Work required: Leave out any pictures and transcribe all other data below exactly.

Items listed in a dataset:

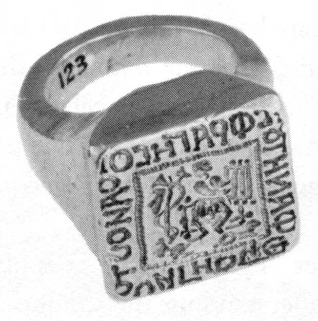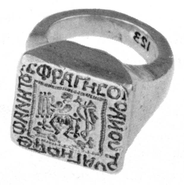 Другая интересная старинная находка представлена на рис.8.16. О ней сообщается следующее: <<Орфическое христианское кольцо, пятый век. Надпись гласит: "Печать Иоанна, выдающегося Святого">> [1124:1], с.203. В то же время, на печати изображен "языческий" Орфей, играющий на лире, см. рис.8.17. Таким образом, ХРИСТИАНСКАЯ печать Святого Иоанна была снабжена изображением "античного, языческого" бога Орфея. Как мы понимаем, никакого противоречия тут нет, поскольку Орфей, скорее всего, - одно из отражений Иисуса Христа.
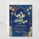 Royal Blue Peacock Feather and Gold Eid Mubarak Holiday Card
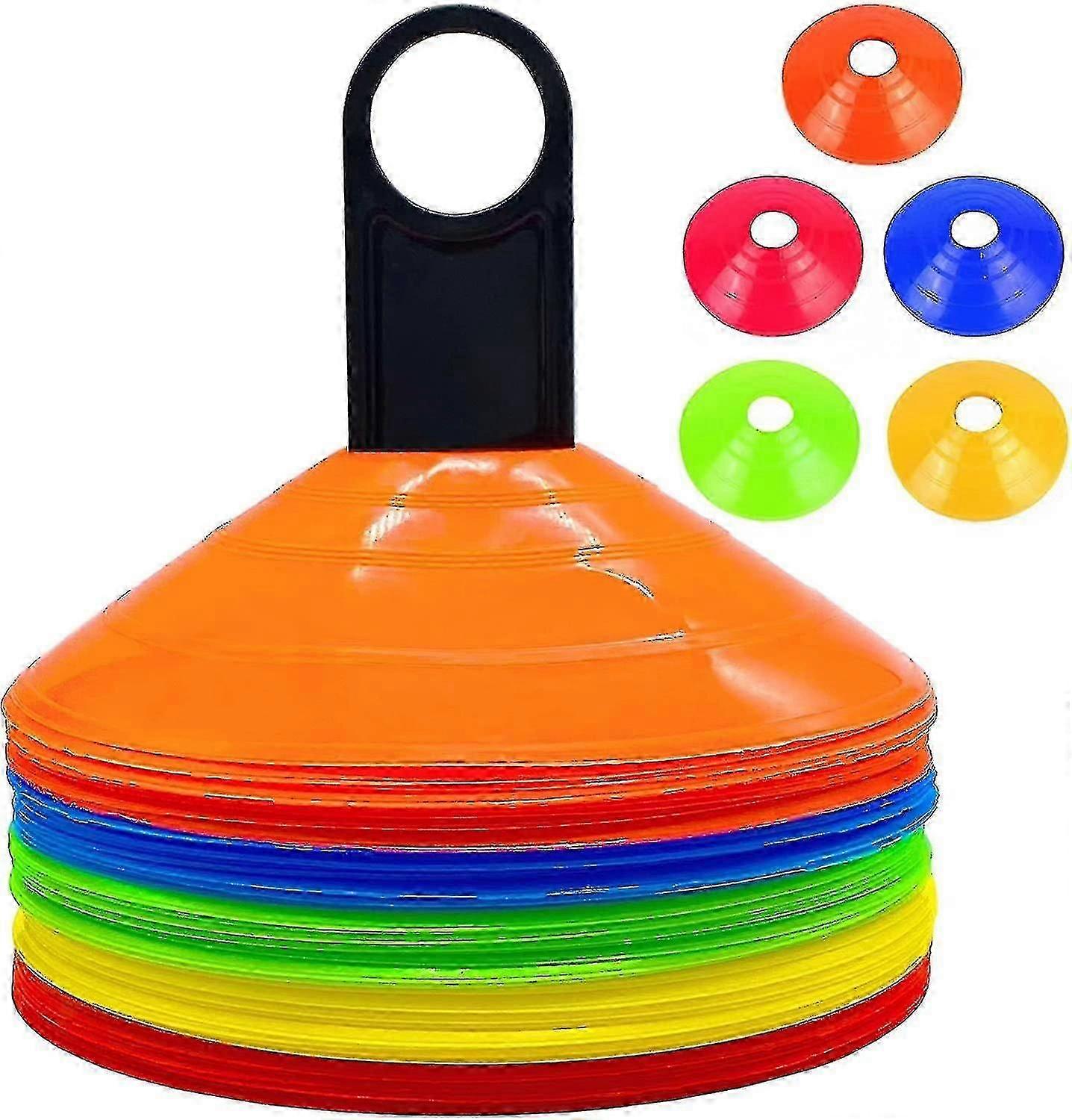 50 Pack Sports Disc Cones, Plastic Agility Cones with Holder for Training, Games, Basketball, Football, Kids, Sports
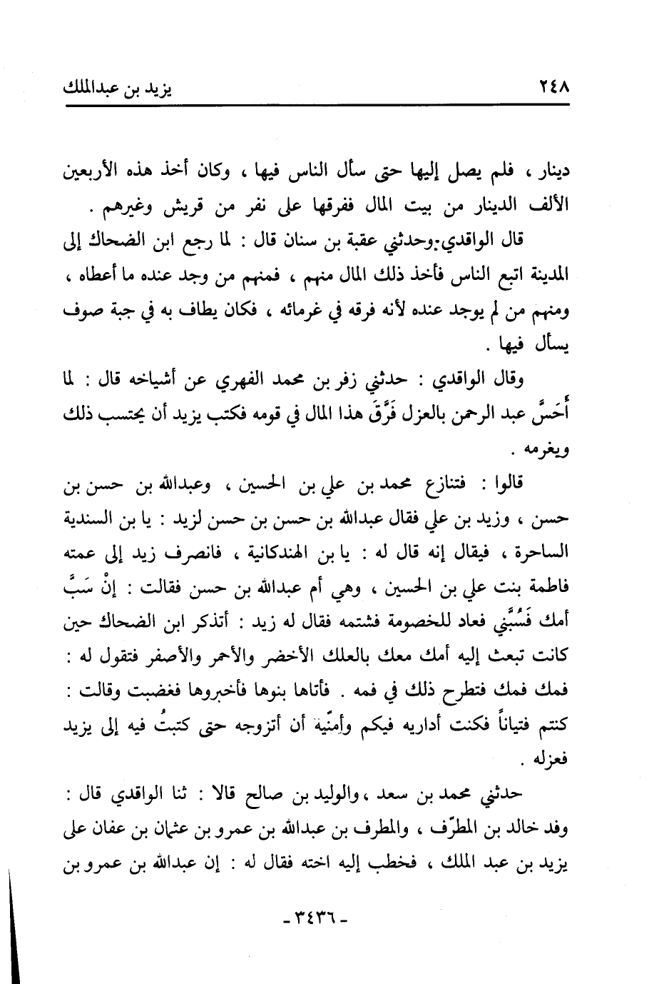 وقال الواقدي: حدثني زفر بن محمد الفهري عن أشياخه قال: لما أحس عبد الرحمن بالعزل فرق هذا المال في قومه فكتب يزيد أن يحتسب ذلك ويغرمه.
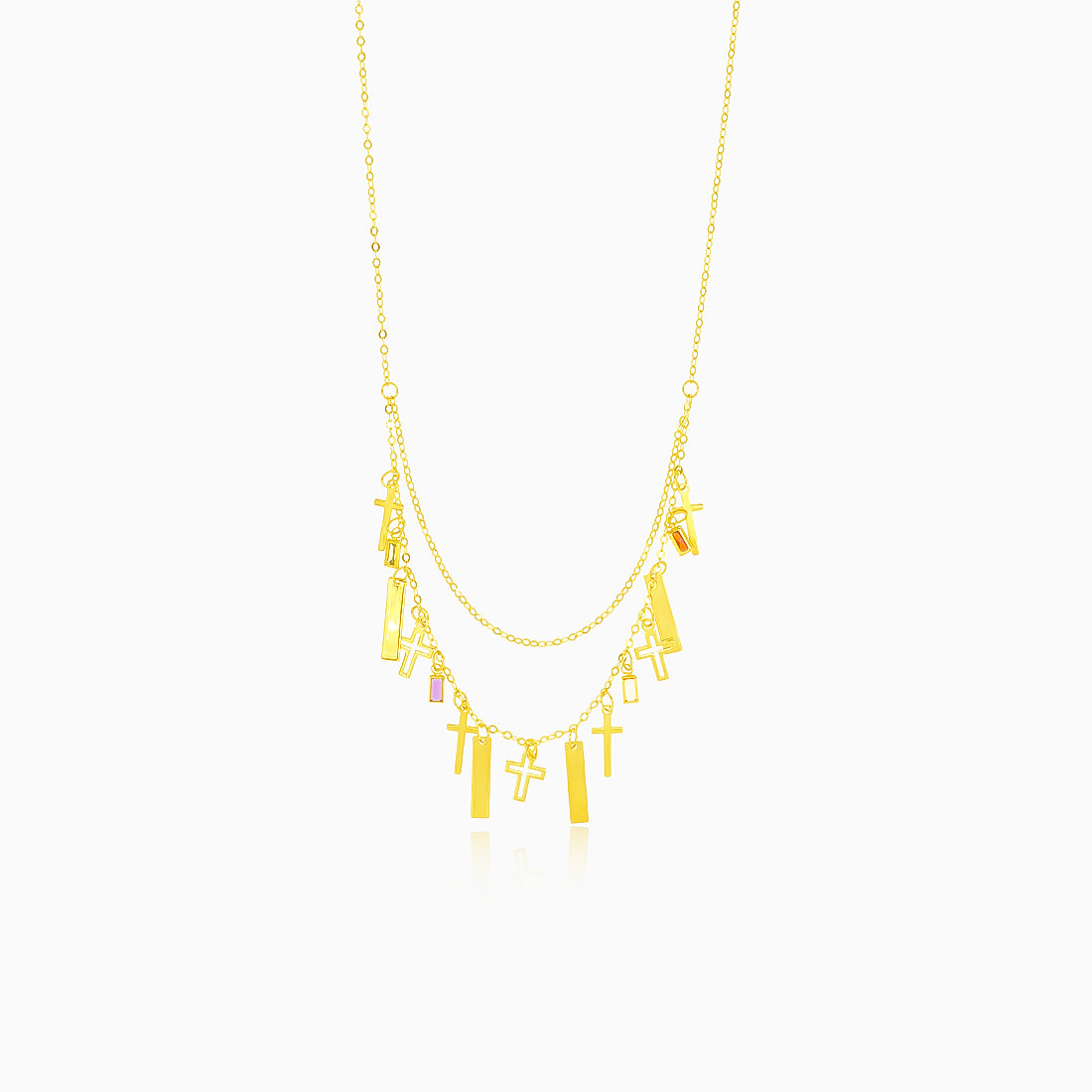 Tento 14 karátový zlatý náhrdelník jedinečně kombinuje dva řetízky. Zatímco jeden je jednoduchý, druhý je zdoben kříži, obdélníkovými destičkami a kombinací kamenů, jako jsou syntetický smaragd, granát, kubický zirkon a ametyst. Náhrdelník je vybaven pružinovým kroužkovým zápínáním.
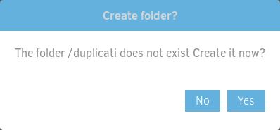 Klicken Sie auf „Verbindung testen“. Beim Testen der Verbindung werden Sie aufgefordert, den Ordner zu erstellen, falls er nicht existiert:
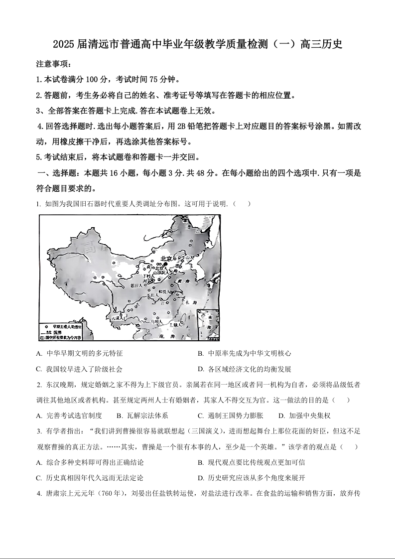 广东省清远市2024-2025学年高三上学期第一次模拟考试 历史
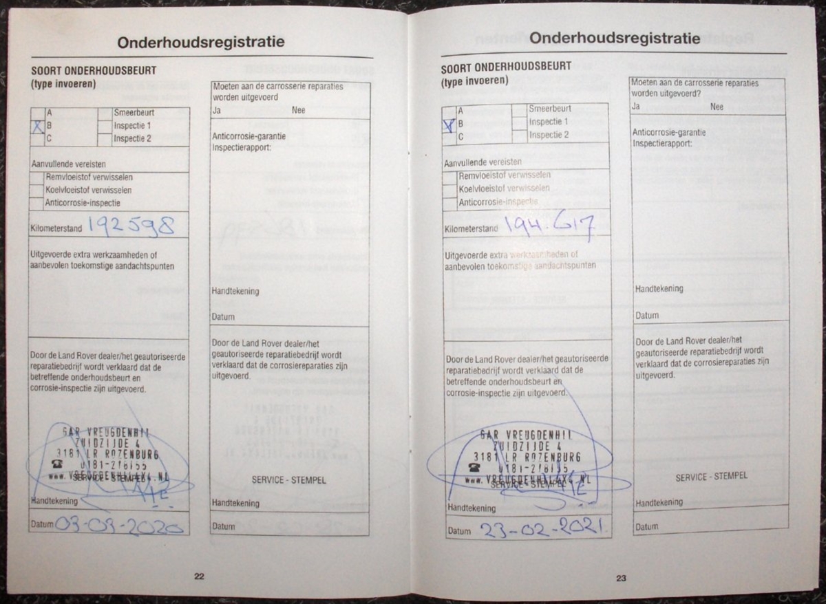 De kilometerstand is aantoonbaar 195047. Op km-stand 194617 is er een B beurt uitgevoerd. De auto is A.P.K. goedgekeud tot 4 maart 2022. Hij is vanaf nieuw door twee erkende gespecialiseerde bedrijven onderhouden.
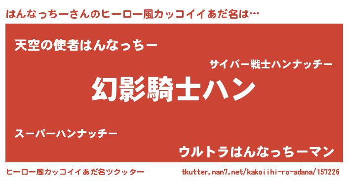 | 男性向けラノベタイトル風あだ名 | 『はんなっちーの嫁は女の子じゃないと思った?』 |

Output for this task:
 Другая интересная старинная находка представлена на рис.8.16. О ней сообщается следующее: <<Орфическое христианское кольцо, пятый век. Надпись гласит: "Печать Иоанна, выдающегося Святого">> [1124:1], с.203. В то же время, на печати изображен "языческий" Орфей, играющий на лире, см. рис.8.17. Таким образом, ХРИСТИАНСКАЯ печать Святого Иоанна была снабжена изображением "античного, языческого" бога Орфея. Как мы понимаем, никакого противоречия тут нет, поскольку Орфей, скорее всего, - одно из отражений Иисуса Христа.
 Royal Blue Peacock Feather and Gold Eid Mubarak Holiday Card
 50 Pack Sports Disc Cones, Plastic Agility Cones with Holder for Training, Games, Basketball, Football, Kids, Sports
 وقال الواقدي: حدثني زفر بن محمد الفهري عن أشياخه قال: لما أحس عبد الرحمن بالعزل فرق هذا المال في قومه فكتب يزيد أن يحتسب ذلك ويغرمه.
 Tento 14 karátový zlatý náhrdelník jedinečně kombinuje dva řetízky. Zatímco jeden je jednoduchý, druhý je zdoben kříži, obdélníkovými destičkami a kombinací kamenů, jako jsou syntetický smaragd, granát, kubický zirkon a ametyst. Náhrdelník je vybaven pružinovým kroužkovým zápínáním.
 Klicken Sie auf „Verbindung testen“. Beim Testen der Verbindung werden Sie aufgefordert, den Ordner zu erstellen, falls er nicht existiert:
 广东省清远市2024-2025学年高三上学期第一次模拟考试 历史
 De kilometerstand is aantoonbaar 195047. Op km-stand 194617 is er een B beurt uitgevoerd. De auto is A.P.K. goedgekeud tot 4 maart 2022. Hij is vanaf nieuw door twee erkende gespecialiseerde bedrijven onderhouden.
 | 男性向けラノベタイトル風あだ名 | 『はんなっちーの嫁は女の子じゃないと思った?』 |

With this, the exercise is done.